▶ [EXERCISE GOAL]
From the line containing "逆光で見えにくいけど、道沿い" to the last line of the data below, copy everything exactly and nothing else; pictures stay out.

▶ [SUPPLIED INFORMATION]

########################################

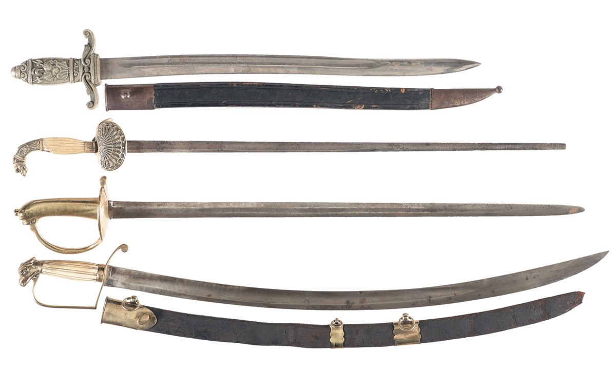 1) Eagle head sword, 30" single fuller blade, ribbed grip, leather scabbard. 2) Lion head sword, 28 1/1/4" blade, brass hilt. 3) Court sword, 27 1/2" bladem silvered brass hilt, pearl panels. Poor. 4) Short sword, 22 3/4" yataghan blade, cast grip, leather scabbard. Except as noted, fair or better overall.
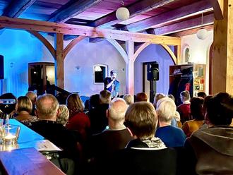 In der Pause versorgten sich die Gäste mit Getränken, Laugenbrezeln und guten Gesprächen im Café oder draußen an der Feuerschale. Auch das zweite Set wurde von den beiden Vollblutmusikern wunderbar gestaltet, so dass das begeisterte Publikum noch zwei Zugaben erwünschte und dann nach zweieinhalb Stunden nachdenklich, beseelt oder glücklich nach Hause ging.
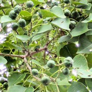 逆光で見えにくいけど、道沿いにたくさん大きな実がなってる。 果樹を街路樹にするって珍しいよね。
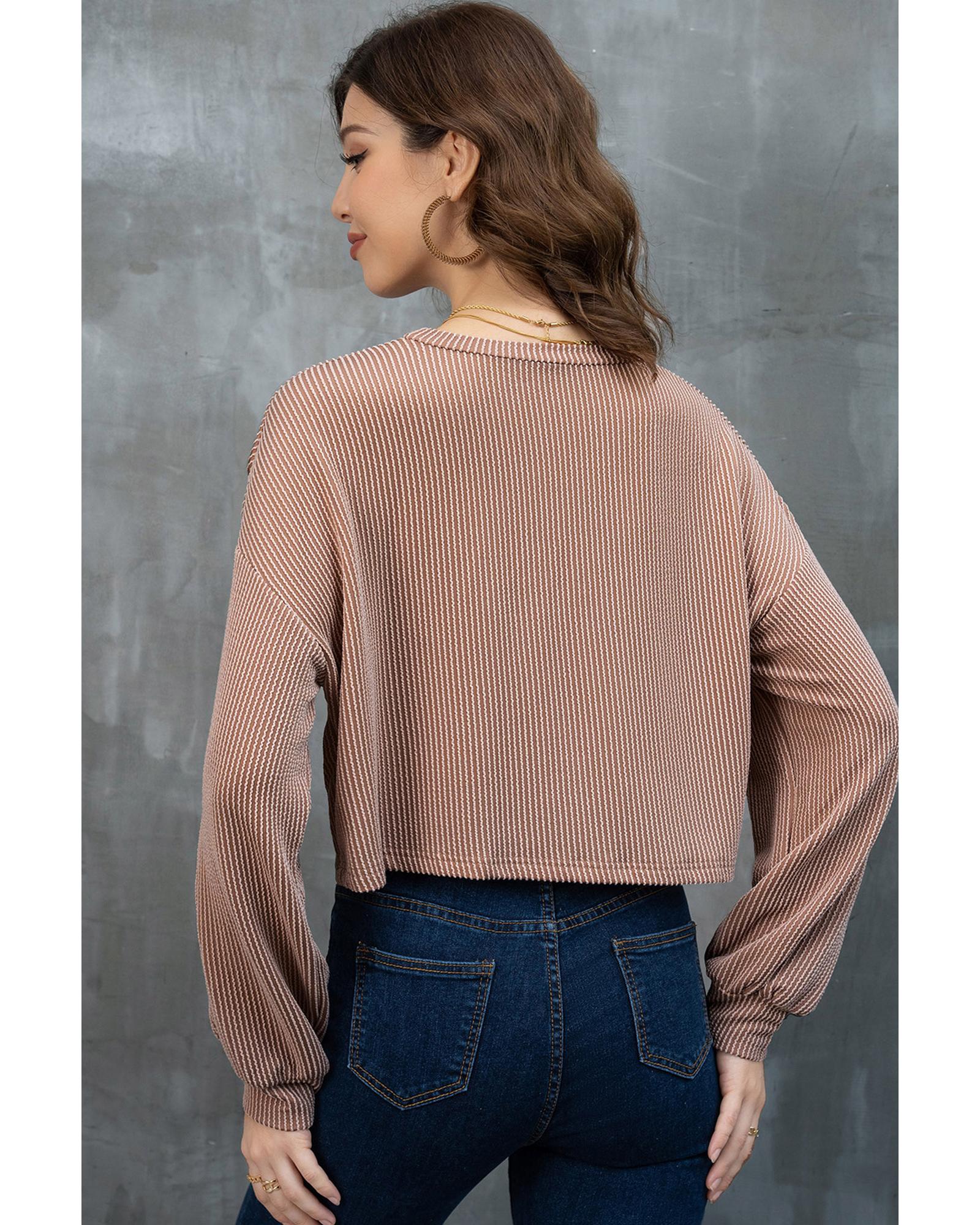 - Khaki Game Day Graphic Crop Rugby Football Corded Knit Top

########################################

▶ [EXERCISE OUTPUT]
 逆光で見えにくいけど、道沿いにたくさん大きな実がなってる。 果樹を街路樹にするって珍しいよね。
 - Khaki Game Day Graphic Crop Rugby Football Corded Knit Top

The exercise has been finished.